THE RECORDS:

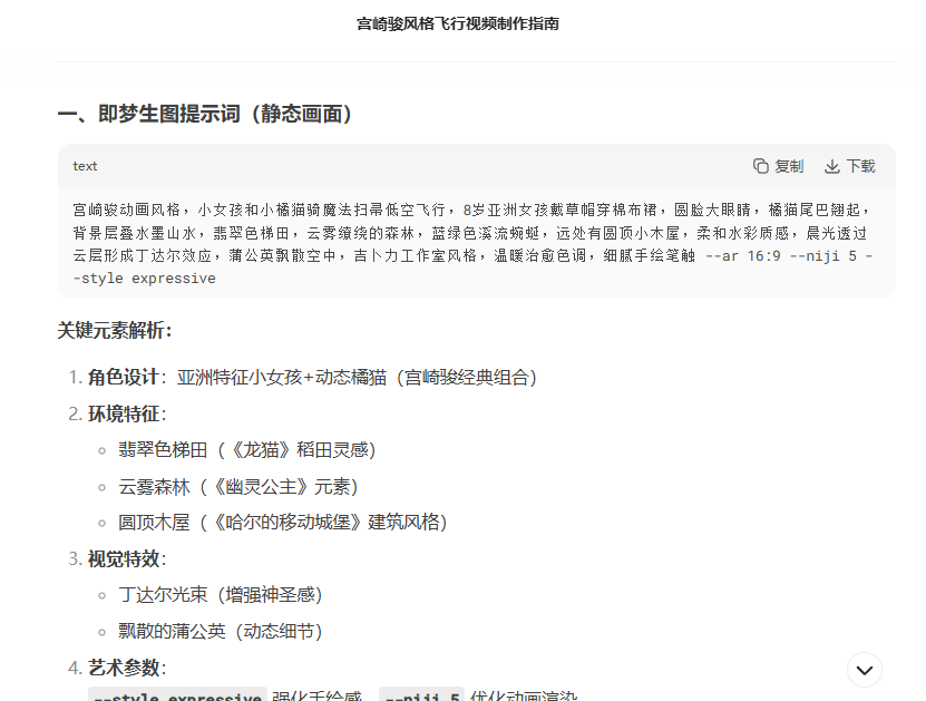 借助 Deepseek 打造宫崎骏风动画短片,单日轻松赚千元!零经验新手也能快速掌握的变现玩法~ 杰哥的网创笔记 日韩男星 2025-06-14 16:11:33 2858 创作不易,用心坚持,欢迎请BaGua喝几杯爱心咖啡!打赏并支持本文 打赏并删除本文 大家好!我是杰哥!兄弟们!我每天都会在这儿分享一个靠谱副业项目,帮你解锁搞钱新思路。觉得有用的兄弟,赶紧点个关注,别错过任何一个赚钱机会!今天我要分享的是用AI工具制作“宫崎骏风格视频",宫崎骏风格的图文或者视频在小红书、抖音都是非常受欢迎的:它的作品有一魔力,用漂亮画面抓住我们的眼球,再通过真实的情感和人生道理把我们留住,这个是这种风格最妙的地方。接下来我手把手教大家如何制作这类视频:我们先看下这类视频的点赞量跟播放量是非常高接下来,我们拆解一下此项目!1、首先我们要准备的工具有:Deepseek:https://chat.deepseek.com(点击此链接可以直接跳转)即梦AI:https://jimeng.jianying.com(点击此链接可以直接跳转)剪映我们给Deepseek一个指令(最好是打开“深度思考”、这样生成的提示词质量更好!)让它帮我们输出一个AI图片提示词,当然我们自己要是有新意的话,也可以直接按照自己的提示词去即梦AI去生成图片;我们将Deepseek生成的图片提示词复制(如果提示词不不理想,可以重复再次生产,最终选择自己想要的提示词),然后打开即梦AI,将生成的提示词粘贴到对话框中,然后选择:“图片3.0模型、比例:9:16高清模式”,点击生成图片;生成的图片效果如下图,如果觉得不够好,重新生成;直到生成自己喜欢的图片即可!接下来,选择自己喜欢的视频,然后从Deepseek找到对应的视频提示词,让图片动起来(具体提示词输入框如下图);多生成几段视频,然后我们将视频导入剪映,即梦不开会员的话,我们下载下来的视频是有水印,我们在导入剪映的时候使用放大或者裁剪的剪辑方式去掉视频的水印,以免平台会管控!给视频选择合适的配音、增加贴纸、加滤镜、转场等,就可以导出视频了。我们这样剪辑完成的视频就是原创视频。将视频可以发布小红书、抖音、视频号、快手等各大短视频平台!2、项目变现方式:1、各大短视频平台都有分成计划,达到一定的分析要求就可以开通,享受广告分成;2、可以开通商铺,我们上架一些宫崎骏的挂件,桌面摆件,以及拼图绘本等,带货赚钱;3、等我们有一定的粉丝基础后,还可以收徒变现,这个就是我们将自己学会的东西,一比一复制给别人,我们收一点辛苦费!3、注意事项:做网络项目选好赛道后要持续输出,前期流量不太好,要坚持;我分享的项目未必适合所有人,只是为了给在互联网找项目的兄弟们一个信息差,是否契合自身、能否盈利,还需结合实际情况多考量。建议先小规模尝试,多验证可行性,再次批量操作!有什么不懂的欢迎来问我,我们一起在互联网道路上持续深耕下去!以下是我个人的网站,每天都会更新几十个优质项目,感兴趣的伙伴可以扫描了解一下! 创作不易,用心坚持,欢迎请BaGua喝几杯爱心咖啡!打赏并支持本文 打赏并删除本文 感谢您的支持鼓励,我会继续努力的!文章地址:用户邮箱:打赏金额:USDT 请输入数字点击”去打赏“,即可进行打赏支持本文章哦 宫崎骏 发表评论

==

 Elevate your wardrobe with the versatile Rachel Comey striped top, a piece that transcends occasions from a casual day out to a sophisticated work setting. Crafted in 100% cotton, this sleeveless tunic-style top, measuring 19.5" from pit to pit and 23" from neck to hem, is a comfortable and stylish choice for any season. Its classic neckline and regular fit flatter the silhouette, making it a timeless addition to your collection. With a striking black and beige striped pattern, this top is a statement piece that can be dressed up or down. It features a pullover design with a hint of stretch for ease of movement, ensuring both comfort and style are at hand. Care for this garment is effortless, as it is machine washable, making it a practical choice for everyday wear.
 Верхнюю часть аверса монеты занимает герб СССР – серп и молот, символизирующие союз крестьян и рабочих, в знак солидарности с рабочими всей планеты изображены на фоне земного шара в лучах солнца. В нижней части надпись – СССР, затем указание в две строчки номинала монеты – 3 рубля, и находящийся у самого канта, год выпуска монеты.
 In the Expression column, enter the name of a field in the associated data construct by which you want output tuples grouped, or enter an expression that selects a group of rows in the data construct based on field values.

EXERCISE REQUIREMENTS: Report each line of the material above where the word "that" appears.

RESPONSE TO THE EXERCISE:
 Elevate your wardrobe with the versatile Rachel Comey striped top, a piece that transcends occasions from a casual day out to a sophisticated work setting. Crafted in 100% cotton, this sleeveless tunic-style top, measuring 19.5" from pit to pit and 23" from neck to hem, is a comfortable and stylish choice for any season. Its classic neckline and regular fit flatter the silhouette, making it a timeless addition to your collection. With a striking black and beige striped pattern, this top is a statement piece that can be dressed up or down. It features a pullover design with a hint of stretch for ease of movement, ensuring both comfort and style are at hand. Care for this garment is effortless, as it is machine washable, making it a practical choice for everyday wear.
 In the Expression column, enter the name of a field in the associated data construct by which you want output tuples grouped, or enter an expression that selects a group of rows in the data construct based on field values.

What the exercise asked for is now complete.